Records supplied —
━━━━━━━━━━━━━━━━

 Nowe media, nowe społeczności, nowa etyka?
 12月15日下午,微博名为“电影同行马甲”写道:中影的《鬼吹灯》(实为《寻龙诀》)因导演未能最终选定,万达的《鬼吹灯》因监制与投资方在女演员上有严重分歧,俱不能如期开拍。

━━━━━━━━━━━━━━━━

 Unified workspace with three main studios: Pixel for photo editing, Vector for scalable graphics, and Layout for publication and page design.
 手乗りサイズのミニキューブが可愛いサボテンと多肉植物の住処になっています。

━━━━━━━━━━━━━━━━

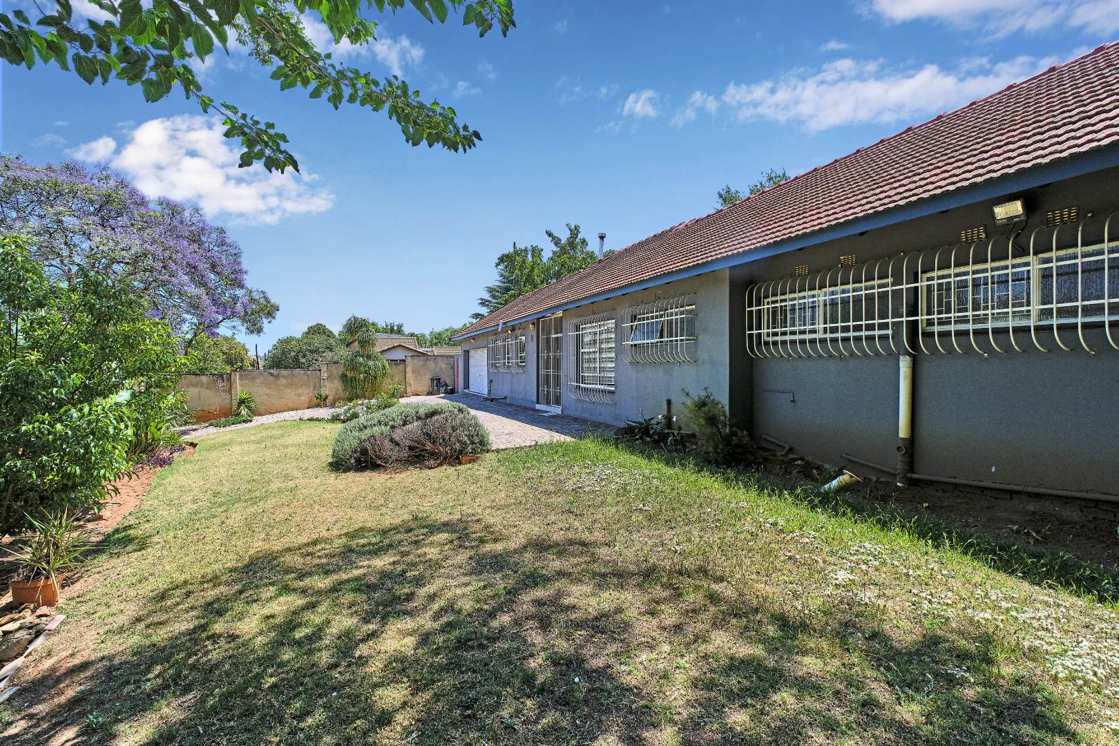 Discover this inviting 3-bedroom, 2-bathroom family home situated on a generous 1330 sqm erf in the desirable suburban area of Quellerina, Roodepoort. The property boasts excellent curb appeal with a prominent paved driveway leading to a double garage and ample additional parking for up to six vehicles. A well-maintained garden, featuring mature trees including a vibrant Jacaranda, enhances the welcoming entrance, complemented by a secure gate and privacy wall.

━━━━━━━━━━━━━━━━

Task description — Once you find the line with "Unified workspace with" above, print it and every line after it up to and including the line with "手乗りサイズのミニキューブが可愛いサボテンと多肉植物の住処になっています。", exactly as written and nothing else.

Expected output —
 Unified workspace with three main studios: Pixel for photo editing, Vector for scalable graphics, and Layout for publication and page design.
 手乗りサイズのミニキューブが可愛いサボテンと多肉植物の住処になっています。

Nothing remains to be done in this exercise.